- [WORK REQUIRED] Return all of the data exactly as written, without the pictures.

- [INFORMATION PROVIDED]
- - - -
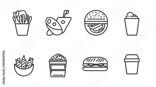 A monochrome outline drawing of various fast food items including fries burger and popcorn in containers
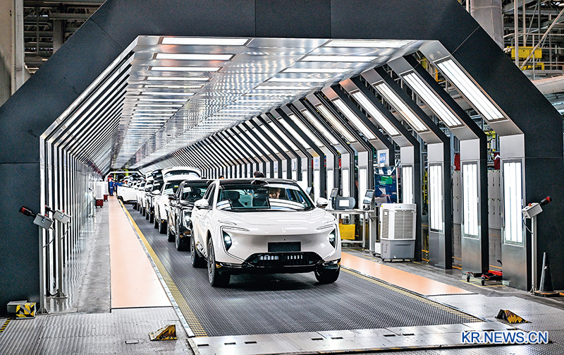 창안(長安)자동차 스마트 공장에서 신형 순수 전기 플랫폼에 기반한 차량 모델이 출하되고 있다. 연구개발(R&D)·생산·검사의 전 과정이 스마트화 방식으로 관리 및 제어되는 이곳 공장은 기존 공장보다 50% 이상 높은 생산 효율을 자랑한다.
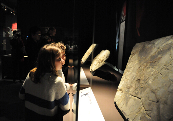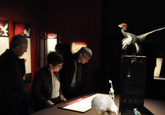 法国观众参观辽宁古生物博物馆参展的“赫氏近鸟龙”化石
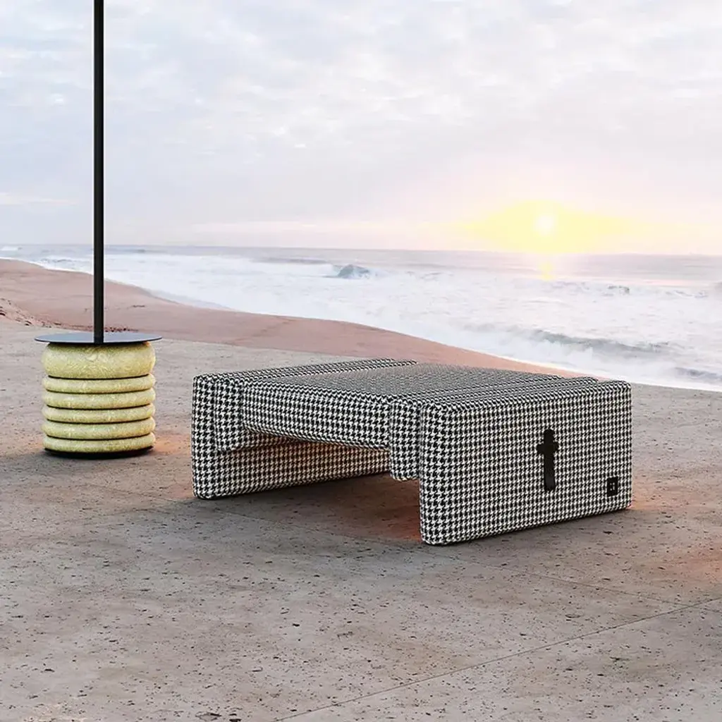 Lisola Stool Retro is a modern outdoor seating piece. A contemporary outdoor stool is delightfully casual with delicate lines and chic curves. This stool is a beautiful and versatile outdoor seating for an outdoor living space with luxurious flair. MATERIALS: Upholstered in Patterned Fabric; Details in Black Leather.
- - - -
- [PROBLEM SOLUTION]
 A monochrome outline drawing of various fast food items including fries burger and popcorn in containers
 창안(長安)자동차 스마트 공장에서 신형 순수 전기 플랫폼에 기반한 차량 모델이 출하되고 있다. 연구개발(R&D)·생산·검사의 전 과정이 스마트화 방식으로 관리 및 제어되는 이곳 공장은 기존 공장보다 50% 이상 높은 생산 효율을 자랑한다.
 法国观众参观辽宁古生物博物馆参展的“赫氏近鸟龙”化石
 Lisola Stool Retro is a modern outdoor seating piece. A contemporary outdoor stool is delightfully casual with delicate lines and chic curves. This stool is a beautiful and versatile outdoor seating for an outdoor living space with luxurious flair. MATERIALS: Upholstered in Patterned Fabric; Details in Black Leather.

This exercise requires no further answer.